The third category is perhaps the one closest to his heart: Helping owners figuring out how to get their businesses sold. “I am not a broker or a glorified real estate salesman,” he emphasizes. “I help them focus on building value and putting the pieces in place that will appeal to a willing buyer.”

That often means the owner, accustomed to doing it all himself, needs to consciously hand off tasks to staff who can offer continuity when he’s gone. “There are two kinds of buyers: the older buyer who wants someone else to run it and has the money to invest, and the younger one with ambition but no money,” Greelis explains.

Then, too, there’s the third dynamic in the transfer of ownership. That’s the employees, whom he calls the bridge between seller and buyer. “They’re the business’s biggest asset. They carry all the tribal knowledge of how it works – the customers, the suppliers, the processes. If the contrast between the way the company has been run and the way the new owner runs it is too drastic, they tend to leave real fast. Too much change, without managing it carefully, can be a recipe for disaster.”

Those challenges can be even greater when the founder and his prospective buyer are two generations of the same family. “Generations have a huge gap in values. It’s certainly true of Boomers and Millennials, but it’s always been a fact of life for family businesses,” he reflects. “The older generation that built it places great value on long hours, hard work and sacrificing for the future. Their children are looking for fast results and maximun profits and place great faith on technology. Conflict is inevitable.”
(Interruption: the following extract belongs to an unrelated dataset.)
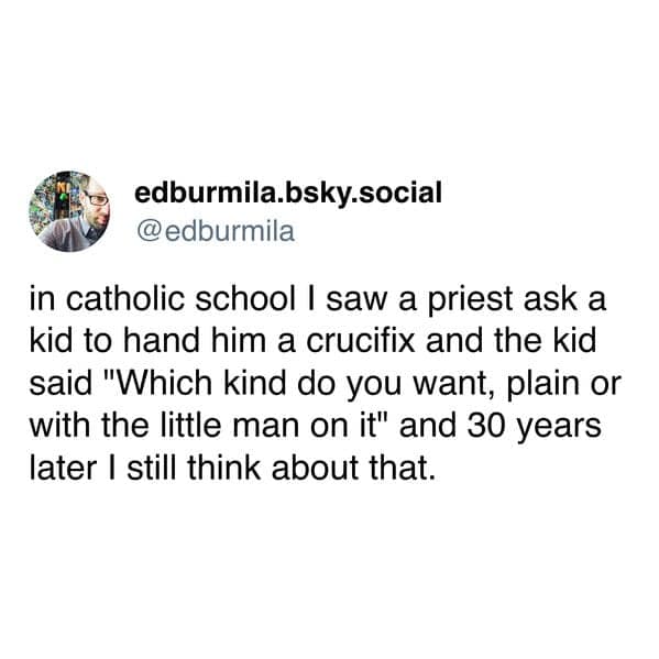After scrolling through these Catholic school memes, you’ve likely relived the awkwardness of school uniforms, prayers before exams, and that ever-present sense of Catholic guilt. You saw a collection of relatable memes that captured your experience—whether it was the over-the-top discipline, bizarre rules, or those ever-vigilant nuns. Hopefully, it was as nostalgic as it was funny.

Like all of the choices that contribute to business success – or not – intergenerational transfer can work out well, especially with clear communication and thorough preparation. But that outcome isn’t inevitable. It’s a dilemma Scott explores in his newly published book, “How to Destroy an American Business,” a fictional parable depicting the far-reaching effects of family dynamics and decisions both good and bad in the fortunes of a promising business venture. The novel is available from Amazon as well as Lion’s Way.

“Personally, I don’t like mixing family and business,” Greelis says. “I suppose at one time I had some romantic idea about passing my business on to my kids, about making it their legacy. Knowing what I know now, I’d have to think long and hard and lay a huge amount of groundwork before I’d want to try it.”